Veröffentlicht: 16.04.2025. Rubrik: Aktionen
*Eine Mär, erzählt von meinem Opa /{April-Aktion 2025}
Ein Märchen fällt mir ein, das mir mein Großvater erzählt hat. Nur ein einziges hat er gewusst, das ich mir jedoch immer wieder erzählen ließ, weil es so schaurig war.
In einem weiten Land spielt es, im hohen Norden, wo es einsame Gutshäuser gab inmitten von tiefen Wäldern, weitab von jeder Ansiedlung. Ganz ähnlich wie bei Dr. Schiwago, der im tiefen Winter nach Warykino kommt, schwebt es mir vor, in genau so einem eiskalten, schneegeschwängerten Winter. Es war wohl schon gegen Abend, als ein ehrenwerter Gutsherr anspannen ließ. Zwingend notwendig musste er in die entfernte Stadt, unbedingt, kutschiert von seinem treuesten Diener.

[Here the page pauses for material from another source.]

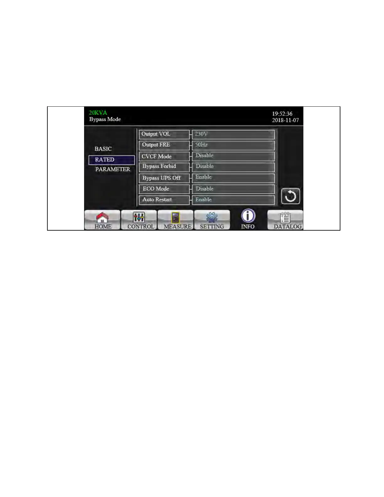 5. Bypass UPS Off: Enable/disable auto bypass function when UPS is off.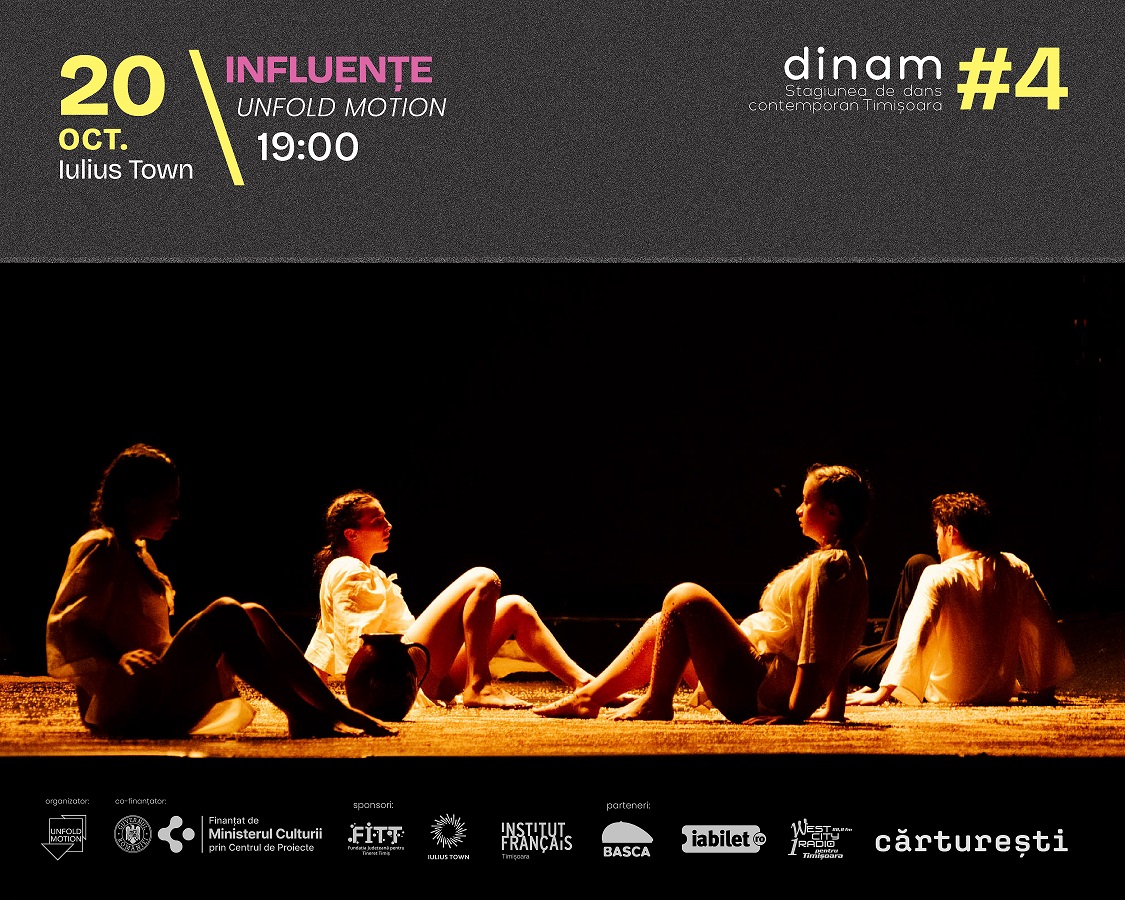 În Iulius Mall, zona Atrium, duminică, de la ora 19.00, va avea loc spectacolul de dans contemporan „Influențe”, care își propune să aducă în fața publicului „drumul” pe care fiecare persoană ajunge să îl parcurgă pentru a-și descoperi propria identitate. Accesul la eveniment este gratuit. Proiectul este implementat de Asociația Unfold Motion și face parte din Programul cultural național „Timișoara Capitală Europeană a Culturii în anul 2023”.

Mitten im Gehölz trafen sie auf ein gefährliches, völlig ausgehungertes Wolfsrudel. Die Wölfe schlichen sich an. Heulend und knurrend näherten sich dem Einspänner mit dem schnaubenden, dampfenden Ross, erst zögerlich vorsichtig, dann griffen sie an. Das Pferd konnten die zwei Insassen nicht drangeben, unmöglich, denn ohne Gespann, ohne das Kaltblut, wären sie verloren gewesen. Die Bedrängnis der beiden, miteinander gut vertrauten Männer wurde immer schlimmer, sie wussten sich keinen Ausweg mehr. Da drückte der Diener seinem Herrn unvermittelt die Zügel in die Hand, verbat sich jegliche Widerrede, sprang beherzt aus dem Wagen, um sich den Wölfen zum Fraß vorzuwerfen, aus freien Stücken, um seinen Herrn zu retten.
An dieser Stelle hatte mein Opa dann immer Tränen in den Augen, die seine Stimme kurzzeitig erstickten. So sehr rührte ihn seine Mär von der unerschütterlichen Ergebenheit des treuen Dieners.
Mich dagegen hat diese Mär jedesmal traurig gestimmt, und ich habe versucht, meinen Opa zu einem anderen, in meinen Augen guten Ende zu überreden. Aber erfolglos. Diese letzte Heldentat des treuen Dieners hatte es ihm zeitlebens angetan.